▶ [Exercise]:
Among the entries below, the lines from the one with "现场作业区负责人介绍,现场的" up to and including the one with "зубов или синяков." are to be restated exactly, without pictures.

▶ [Supplied entries]:
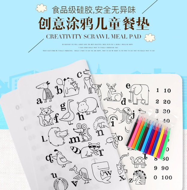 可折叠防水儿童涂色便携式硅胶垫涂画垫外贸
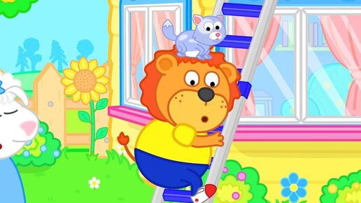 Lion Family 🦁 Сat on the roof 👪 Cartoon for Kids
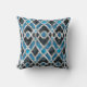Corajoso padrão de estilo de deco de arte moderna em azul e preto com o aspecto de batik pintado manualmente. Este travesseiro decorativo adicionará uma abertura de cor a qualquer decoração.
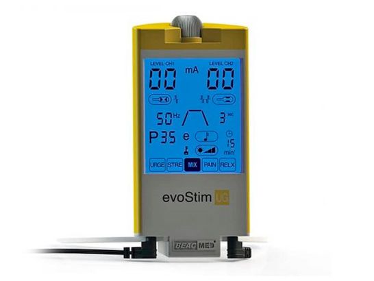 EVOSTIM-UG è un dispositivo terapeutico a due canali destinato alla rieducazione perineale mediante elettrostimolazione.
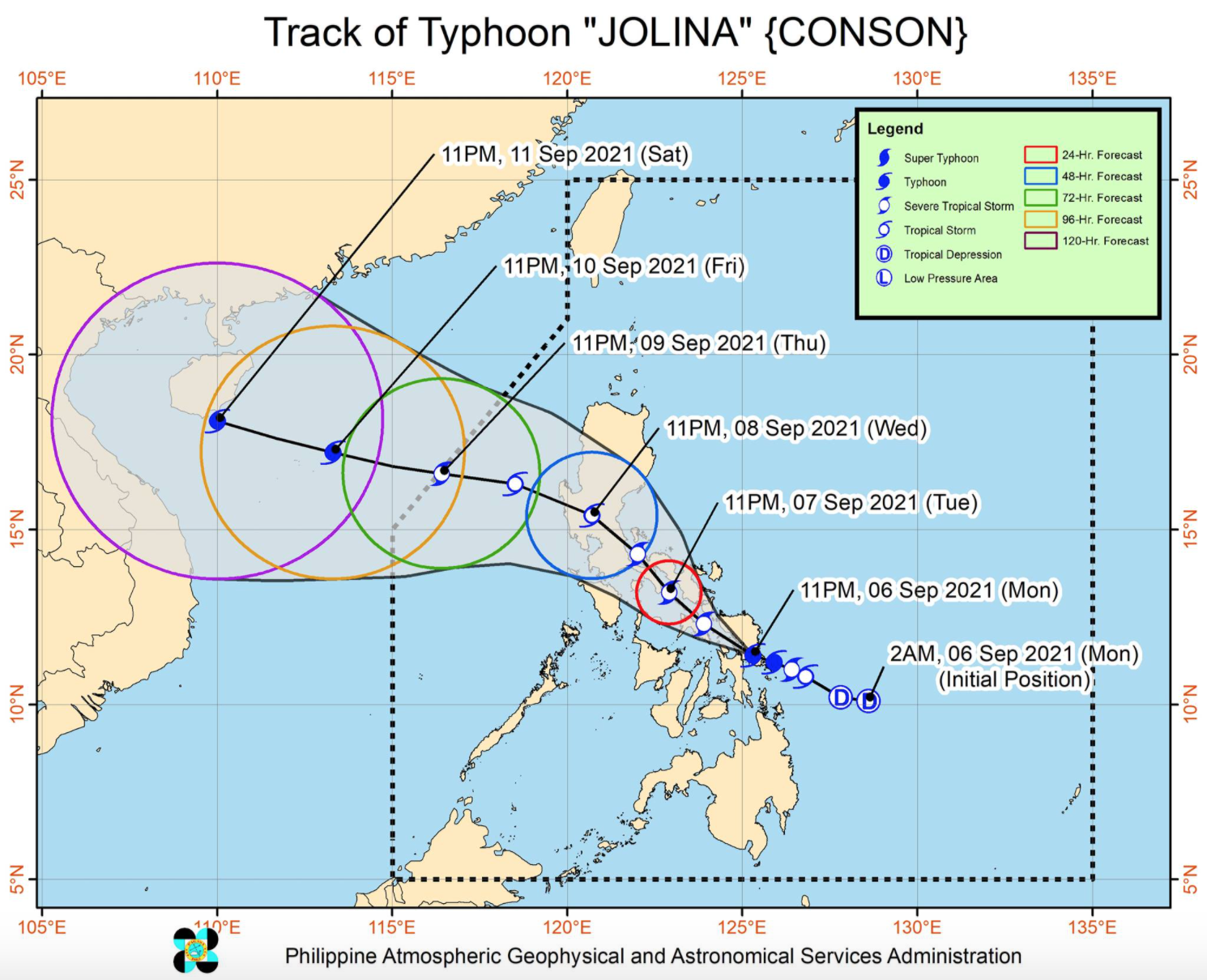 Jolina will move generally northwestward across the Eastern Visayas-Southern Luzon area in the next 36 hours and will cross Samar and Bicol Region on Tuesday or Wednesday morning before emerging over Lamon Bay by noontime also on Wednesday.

---

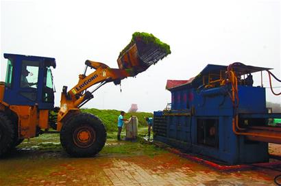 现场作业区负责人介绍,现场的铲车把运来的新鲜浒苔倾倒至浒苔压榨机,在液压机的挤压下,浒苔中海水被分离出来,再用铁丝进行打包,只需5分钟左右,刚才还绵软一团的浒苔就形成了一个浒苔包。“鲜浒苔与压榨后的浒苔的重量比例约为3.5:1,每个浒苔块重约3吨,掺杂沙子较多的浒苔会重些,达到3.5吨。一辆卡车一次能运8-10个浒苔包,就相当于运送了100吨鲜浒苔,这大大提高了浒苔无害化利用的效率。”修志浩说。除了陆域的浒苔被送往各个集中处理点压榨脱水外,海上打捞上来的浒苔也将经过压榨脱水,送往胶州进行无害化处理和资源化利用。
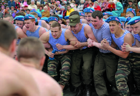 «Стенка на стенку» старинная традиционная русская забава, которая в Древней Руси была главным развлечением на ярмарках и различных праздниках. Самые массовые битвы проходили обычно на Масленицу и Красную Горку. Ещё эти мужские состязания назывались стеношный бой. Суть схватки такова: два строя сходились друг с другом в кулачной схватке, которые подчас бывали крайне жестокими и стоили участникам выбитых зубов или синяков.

▶ [Completed exercise]:
 现场作业区负责人介绍,现场的铲车把运来的新鲜浒苔倾倒至浒苔压榨机,在液压机的挤压下,浒苔中海水被分离出来,再用铁丝进行打包,只需5分钟左右,刚才还绵软一团的浒苔就形成了一个浒苔包。“鲜浒苔与压榨后的浒苔的重量比例约为3.5:1,每个浒苔块重约3吨,掺杂沙子较多的浒苔会重些,达到3.5吨。一辆卡车一次能运8-10个浒苔包,就相当于运送了100吨鲜浒苔,这大大提高了浒苔无害化利用的效率。”修志浩说。除了陆域的浒苔被送往各个集中处理点压榨脱水外,海上打捞上来的浒苔也将经过压榨脱水,送往胶州进行无害化处理和资源化利用。
 «Стенка на стенку» старинная традиционная русская забава, которая в Древней Руси была главным развлечением на ярмарках и различных праздниках. Самые массовые битвы проходили обычно на Масленицу и Красную Горку. Ещё эти мужские состязания назывались стеношный бой. Суть схватки такова: два строя сходились друг с другом в кулачной схватке, которые подчас бывали крайне жестокими и стоили участникам выбитых зубов или синяков.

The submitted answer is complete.